There is a platform or ambulatory around the bath, also of marble, and four inches of the same material disposed at regular intervals around the walls, with pedestals for statues probably placed in them. The ceiling is vaulted and the chamber lighted by a window in the center. The annexed woodcut represents a frigidarium with its cold bath at one extremity, supposed to have formed a part of the Formian Villa of Cicero, to whose age the style of construction, the use of the simple Doric order, undoubtedly belongs. The bath itself, into which water still continues to flow from a neighboring spring, is placed under the alcove, and the two doors on each side opened into small chambers.

In the cold bath of Pompeii the water ran into the basin through a spout of bronze and was carried off again through a conduit on the opposite side. It was also furnished with a waste pipe under the coping to prevent the water from running over.

No. 11 is a small chamber on the side opposite to the frigidarium, which might have served for shaving or for keeping unguents or strigils; and from the centers of the side of the frigidarium, the bather who intended to go through the process of warm bathing and sudation entered into 12, the tepidarium.

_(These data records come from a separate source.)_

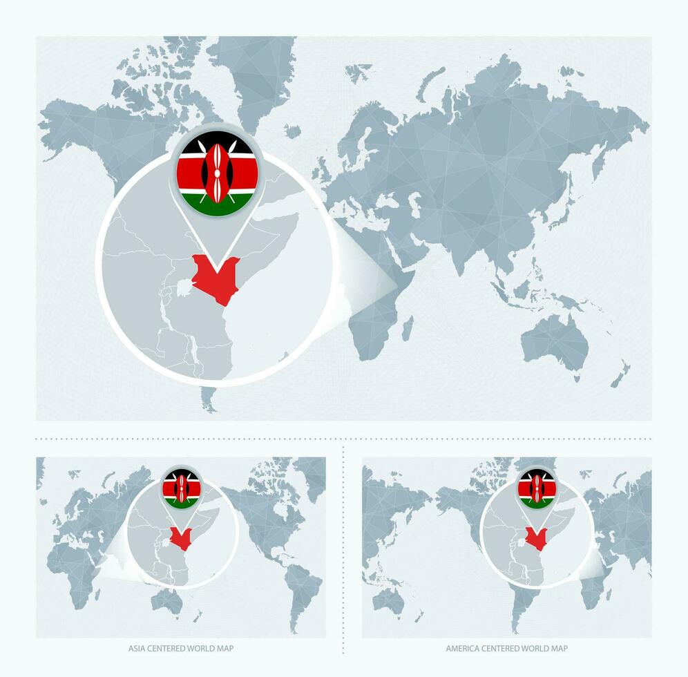Magnified Kenya over Map of the World, 3 versions of the World Map with flag and map of Kenya. Pro Vector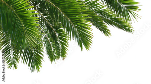 Naklejka premium Lush green palm leaves create tropical vibe, perfect for summer aesthetics and nature themes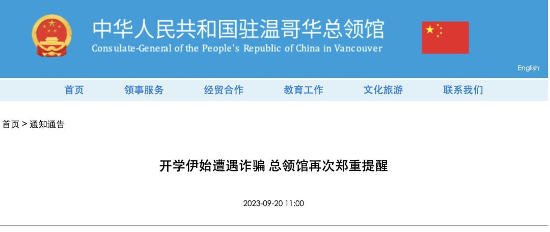 开学伊始遭遇诈骗 总领馆再次郑重提醒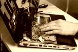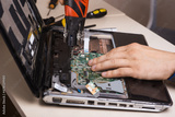 The wizard restores the laptop. Disassembly of the laptop into spare parts. Board, part of laptop for recovery. Maintenance of computer equipment using tools. View of the laptop inside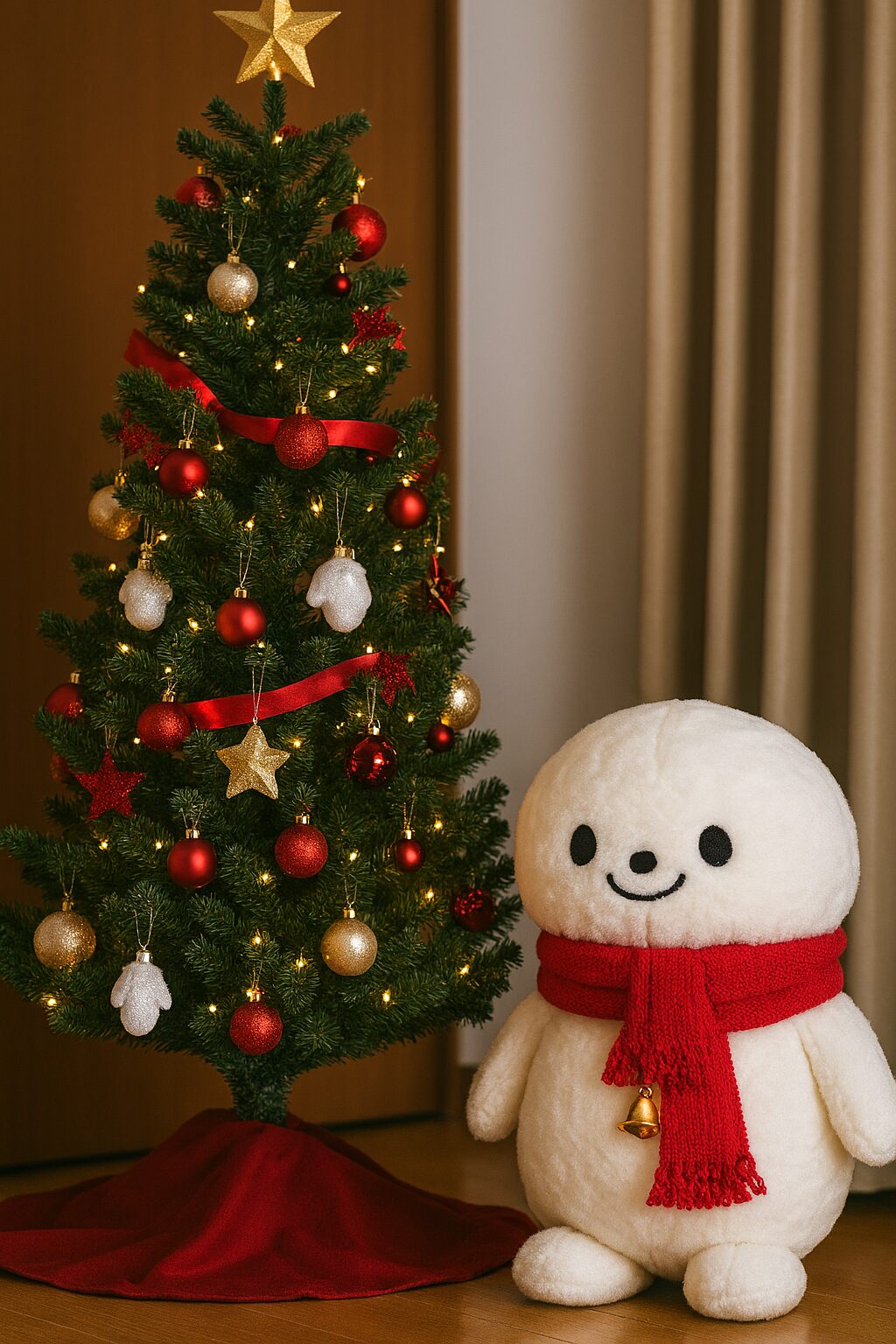 2年前に購入した「リルリンリン」のぬいぐるみ。今年もツリーのそばで、こじゃけ家のクリスマスを見守ってくれています。

The tepidarium did not contain water, either at Pompeii or at the baths of Hippias, but was merely heated with warm air of an agreeable temperature, in order to prepare the body for the great heat of the vapor and warm baths; and, upon returning, to obviate the danger of too sudden transition to the open air.

In the baths of Pompeii, this chamber served likewise as a disrobing room for those who took the warm bath, for which purpose the fittings up are evidently adapted, the walls being divided into a number of separate compartments or recesses for receiving the garments when taken off. One of these compartments, known as an Atlantes, is shown in the annexed woodcut.

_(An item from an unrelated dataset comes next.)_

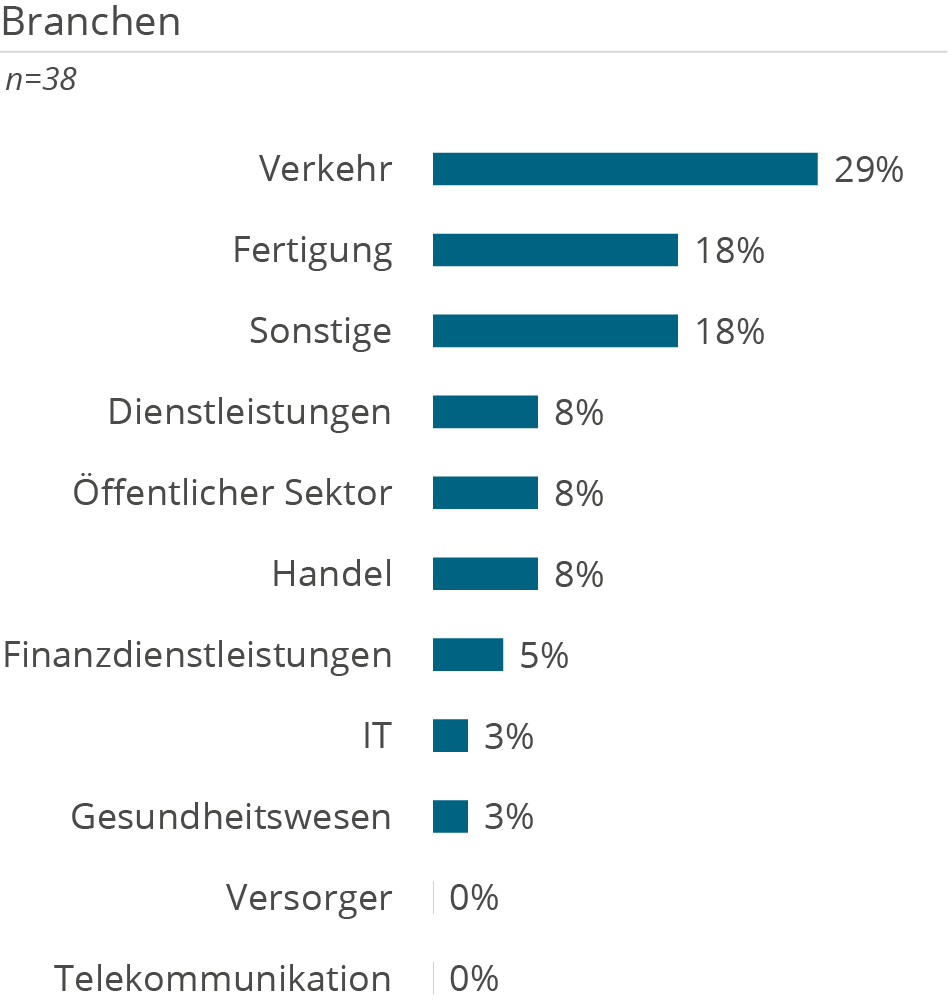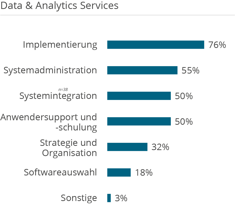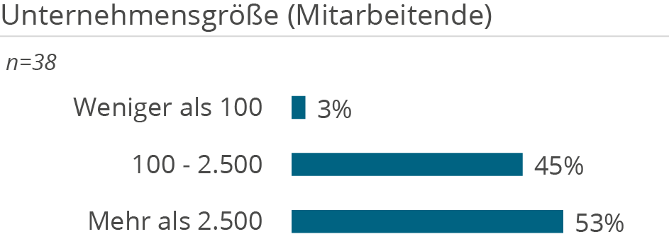 Die folgenden Demografie-Grafiken zeigen neben Kundendemografie (Unternehmensgröße und Branche), die Unterstützung der Kunden aufgeteilt nach Tätigkeiten in D&A Themenbereichen, erbrachten Services sowie eingesetzten Technologien.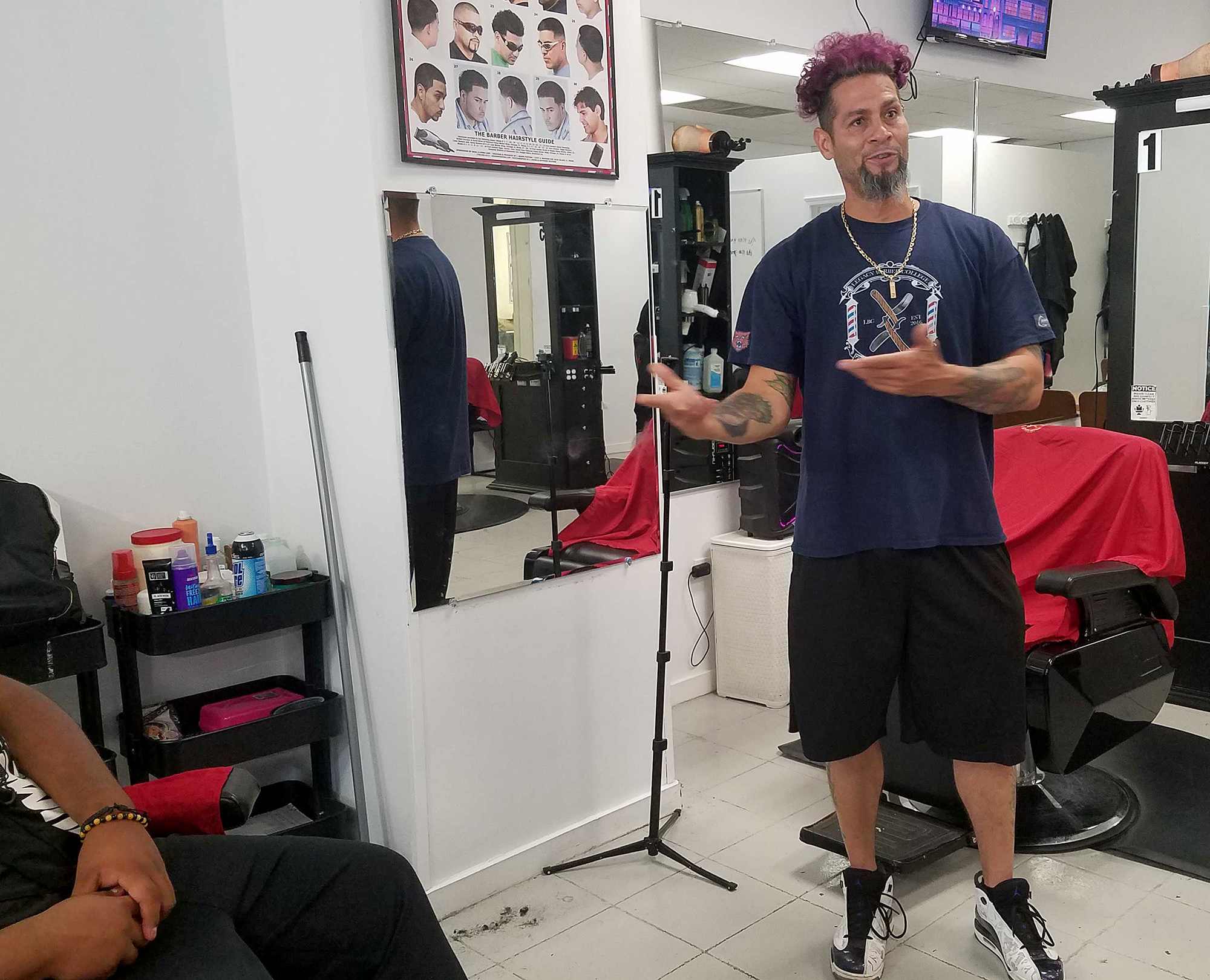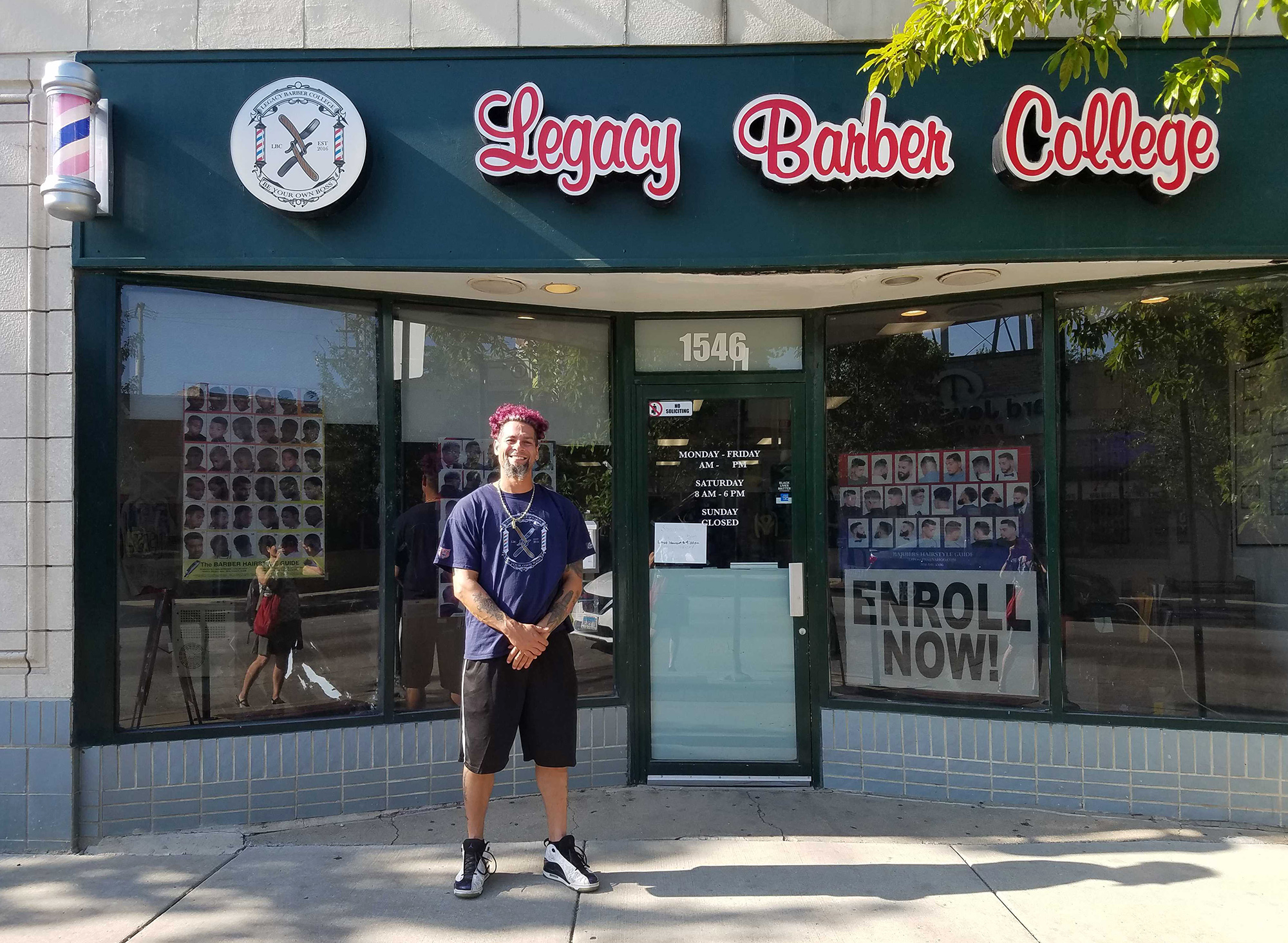 Juan Rivera,芝加哥罗杰斯公园社区Legacy理发学院的所有者,正在帮助其他从监狱释放的人找到职业。

In addition to this service there can be little doubt that this apartment was used as a depository for unguents and a room for anointing, which service was performed by slaves. For the purpose of anointing, the common people used oil simply or sometimes scented, but the more wealthy classes indulged in the greatest extravagances with regard to their perfumes and unguents. These they evidently procured from the elæothesium of the baths, or brought with them in small glass bottles, hundreds of which have been discovered in different excavations made in various parts of Italy.

From the tepidarium, a door which closed by its own weight, to prevent the admission of cold air, opened into No. 13, the thermal chamber. After having gone through the regular course of perspiration, the Romans made use of instruments called strigils, to scrape off the perspiration, much in the same way as we are accustomed to scrape the sweat off a horse with a piece of iron hoop after he has run a heat or come in from violent exercise. These instruments, many of which have been discovered among the ruins of the various baths of antiquity, were made of bone, bronze, iron and silver. The poorer classes were obliged to scrape themselves, but the more wealthy took their slaves to the baths for the purpose, a fact which is elucidated by a curious story related by Spartianus. The Emperor while bathing one day, observing an old soldier, whom he had formerly known among the legions, rubbing his back as the cattle do against the marble walls of the chamber, asked him why he converted the walls into a strigil, and learning that he was too poor to keep a slave he gave him one, and money for his maintenance. On the following day, upon his return to the bath, he found a whole row of old men rubbing themselves in the same manner against the wall, in the hope of experiencing the same good fortune from the prince's liberality; but instead of taking the hint, he had them all called up and told them to scrub one another.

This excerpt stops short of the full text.